La scoperta, a Wadi Gawasis presso il moderno porto di Safaga, ha rivelato elementi cruciali sui contatti degli Egiziani con il misterioso regno di Punt. I tronchi usati per le imbarcazioni suggeriscono che parti dei vascelli faraonici per la navigazione in mare aperto, fossero fabbricate nella Valle del Nilo e trasportate via terra per l´assemblaggio lungo la costa.

Le imbarcazioni per navigazione fluviale, per l´uso sul Nilo, erano note da tempo, (ad es.: le imbarcazioni cerimoniali dalla Grande Piramide di Giza, datate attorno al 2, 500 a.C., e quattro altre del regno di Senwosret III da Dashur non lontano dal sud.) Ma simili imbarcazioni per la navigazione in mare aperto, aprono nuovi scenari all´attenzione degli studiosi.

"La presenza di danni estensivi nel legno degli scafi e della carena, da parte di parassiti marini vegetali o animali, offrono inconfondibili evidenze di navigazione in alto mare" ha dichiarato la dottoressa Cheryl Ward dell´Università della Florida.
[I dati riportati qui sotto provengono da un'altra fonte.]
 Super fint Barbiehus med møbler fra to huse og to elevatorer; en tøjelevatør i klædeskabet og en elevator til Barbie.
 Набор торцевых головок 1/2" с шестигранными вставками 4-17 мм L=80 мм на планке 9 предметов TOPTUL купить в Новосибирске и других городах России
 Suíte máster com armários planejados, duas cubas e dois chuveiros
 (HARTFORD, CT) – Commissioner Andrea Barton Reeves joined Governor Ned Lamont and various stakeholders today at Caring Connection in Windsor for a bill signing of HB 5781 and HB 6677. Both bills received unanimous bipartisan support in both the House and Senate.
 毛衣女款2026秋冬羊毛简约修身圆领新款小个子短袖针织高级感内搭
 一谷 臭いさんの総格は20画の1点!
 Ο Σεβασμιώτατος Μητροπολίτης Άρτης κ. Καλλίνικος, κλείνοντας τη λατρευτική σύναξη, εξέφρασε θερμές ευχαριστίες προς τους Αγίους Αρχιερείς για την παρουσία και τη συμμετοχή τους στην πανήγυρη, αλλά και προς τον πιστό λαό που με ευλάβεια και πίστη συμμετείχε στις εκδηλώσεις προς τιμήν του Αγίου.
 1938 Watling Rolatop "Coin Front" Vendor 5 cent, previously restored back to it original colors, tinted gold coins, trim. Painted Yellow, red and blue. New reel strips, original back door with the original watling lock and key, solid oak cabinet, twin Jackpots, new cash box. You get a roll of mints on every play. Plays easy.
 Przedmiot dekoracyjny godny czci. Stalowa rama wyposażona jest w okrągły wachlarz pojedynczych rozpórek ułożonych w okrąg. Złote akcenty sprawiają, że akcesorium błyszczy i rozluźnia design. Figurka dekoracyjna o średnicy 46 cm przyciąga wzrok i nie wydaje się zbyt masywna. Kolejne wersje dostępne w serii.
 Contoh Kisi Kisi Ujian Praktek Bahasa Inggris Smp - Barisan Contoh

"I tronchi che risultavano troppo danneggiati per essere riutilizzati in mare, venivano comunque adattati per la produzione di rampe e camminamenti, e molti sono stati significativamente rilavorati".

Alcuni dei tronchi erano segnati con pittura rossa, applicata - ritiene Ward - durante il processo di carenaggio, che dava luogo alla produzione di migliaia di frammenti di tronchi. Una delle grotte ha anche rivelato grandi quantità di corda usate per l´ancoraggio, "lasciate per la spedizione successiva, che non ebbe mai luogo" ha dichiarato.

I rotoli di corda misurano ciascuno almeno 20 metri; non sono stati toccati per 3, 500 anni ed hanno necessità di una conservazione urgente, ha dichiarato la Ward. "La corda, probabilmente ottenuta intrecciando filamenti d´erba, sembra intatta, ma migliaia di piccoli frammenti attorno ad ogni rotolo mostrano il suo decadimento interno.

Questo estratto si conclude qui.